For authentication I use AWS IAM, no passwords anywhere. MongoDB Atlas accepts AWS IAM principals as database users via pymongo's MONGODB-AWS mechanism. My Lambda functions assume one dedicated IAM role through STS, a role that was federated with Atlas exactly once, and the temporary credentials flow straight into the MongoDB connection.

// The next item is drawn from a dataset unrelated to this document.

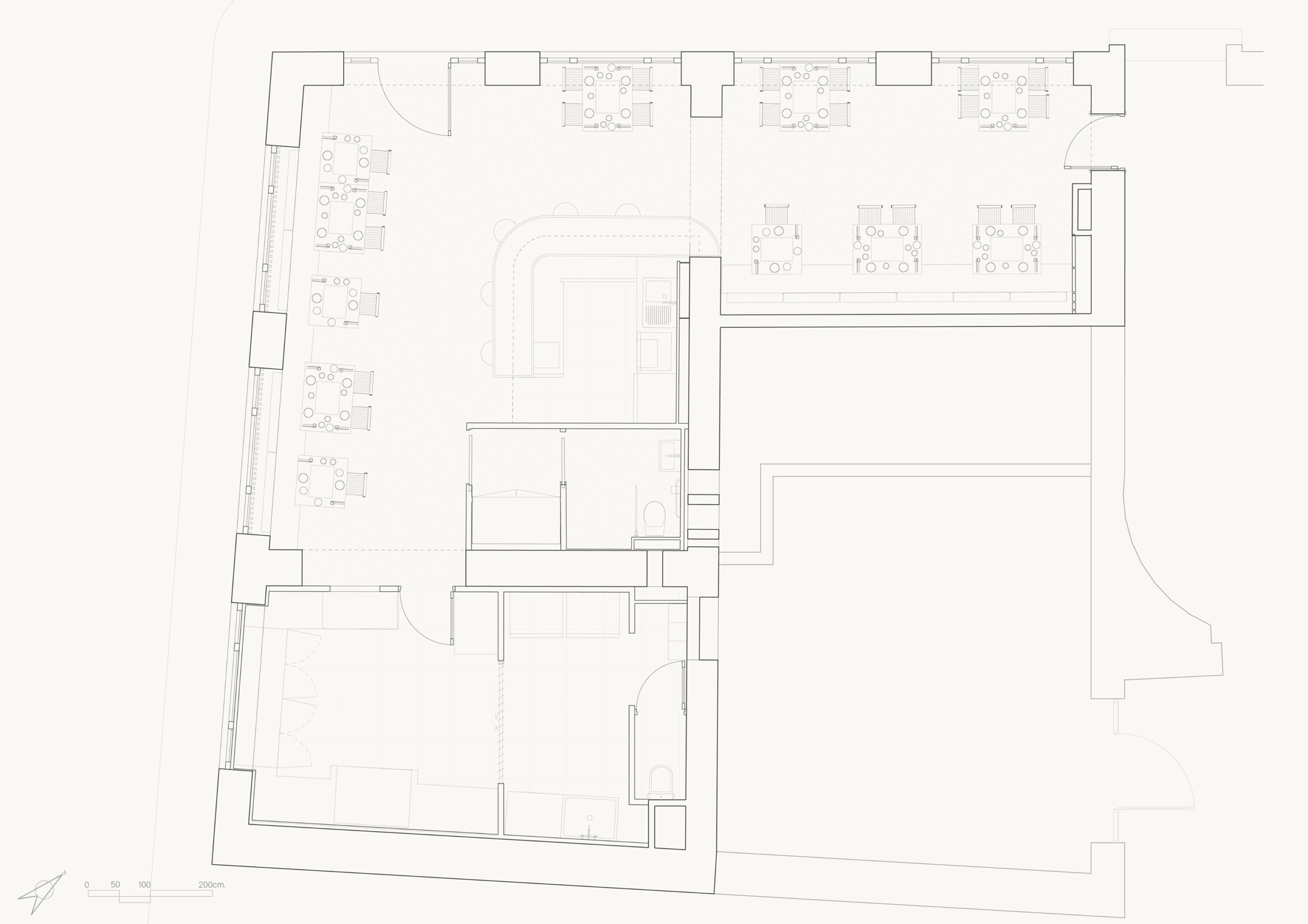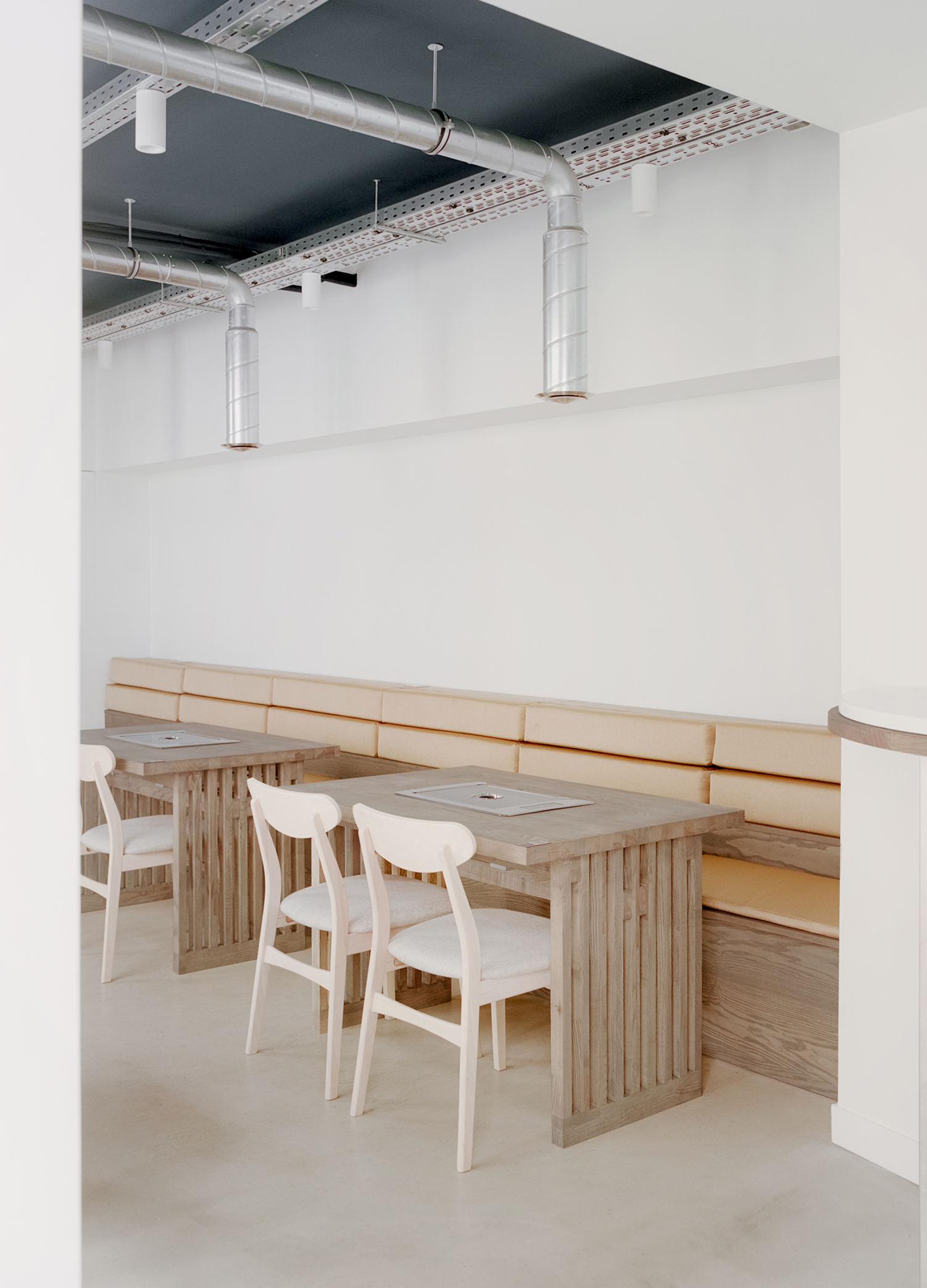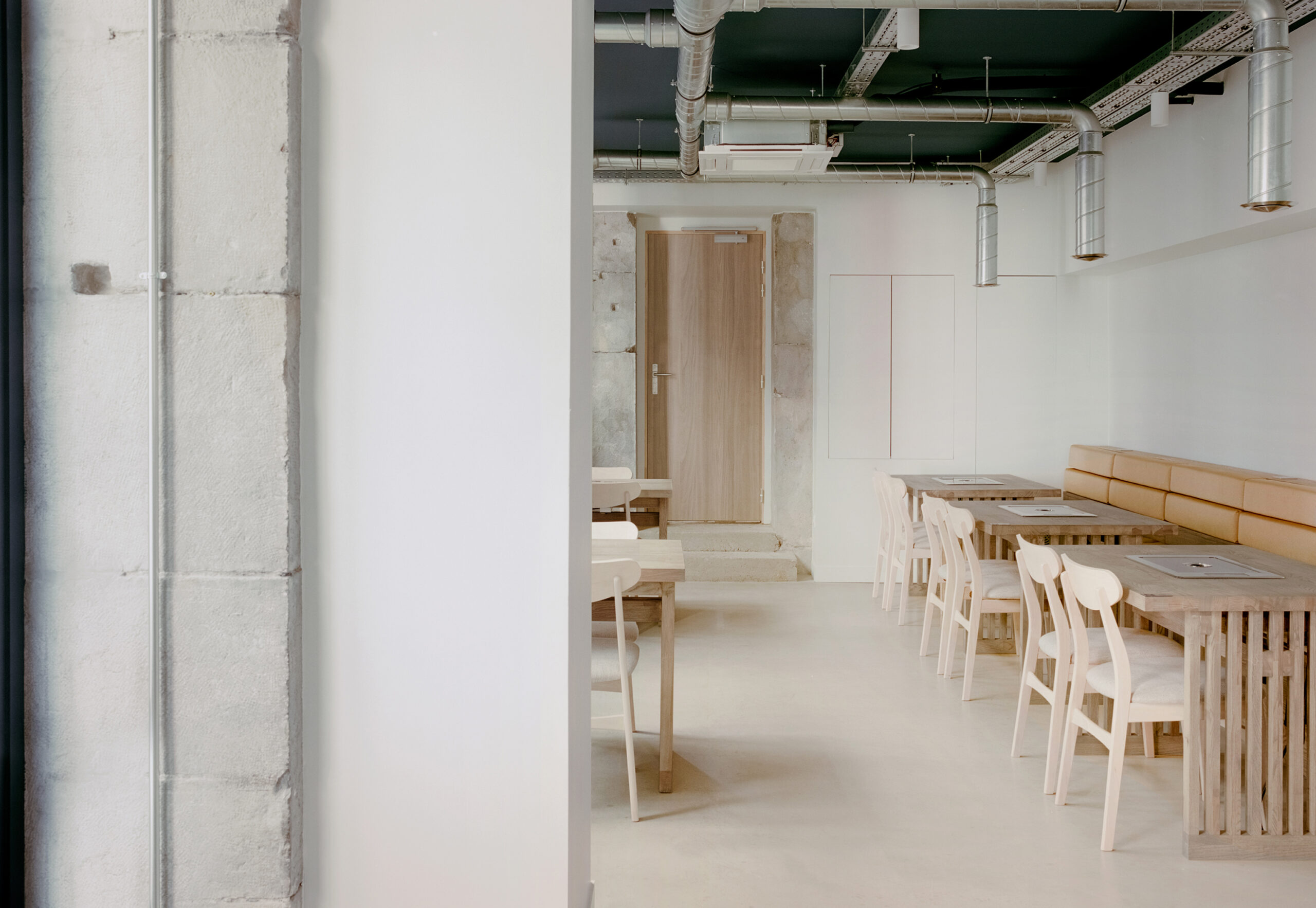 Le restaurant Youjung s’inscrit dans un bâtiment au caractère patrimonial du quartier des Antiquaires à Grenoble, où la tradition constructive, piliers de pierre et voûtes anciennes, dialogue avec une pratique culinaire interactive et contemporaine : la cuisson autonome sur barbecues coréens. Ce dispositif, intégré à chaque table, engage le convive dans une expérience sensorielle et collective. La principale contrainte technique, liée à l’évacuation des fumées et des graisses dans un espace de dégustation, devient l’élément fondateur du projet architectural.

def _assume_atlas_role() -> dict:
    sts = boto3.client("sts")
    response = sts.assume_role(
        RoleArn=os.environ["ATLAS_ROLE_ARN"],
        RoleSessionName="related-posts-atlas",
        DurationSeconds=3600,
    )
    return response["Credentials"]


def _client() -> MongoClient:
    creds = _assume_atlas_role()
    return MongoClient(
        _connection_config()["srvUri"],   # ...authMechanism=MONGODB-AWS
        username=creds["AccessKeyId"],
        password=creds["SecretAccessKey"],
        authMechanismProperties={"AWS_SESSION_TOKEN": creds["SessionToken"]},
    )

Why do I use a dedicated role instead of the Lambda's own execution role? This is basically for two reasons: first of all, I want to be able to handle the setup of MongoDB Atlas in one flow. I don't want to set up part of Atlas, then need to deploy Lambda functions, pull the Role ARNs, and update Atlas. By separating this, I can also create one role that I authorize towards Atlas, then several Lambda functions can assume the same role and I can control that access properly with IAM permissions.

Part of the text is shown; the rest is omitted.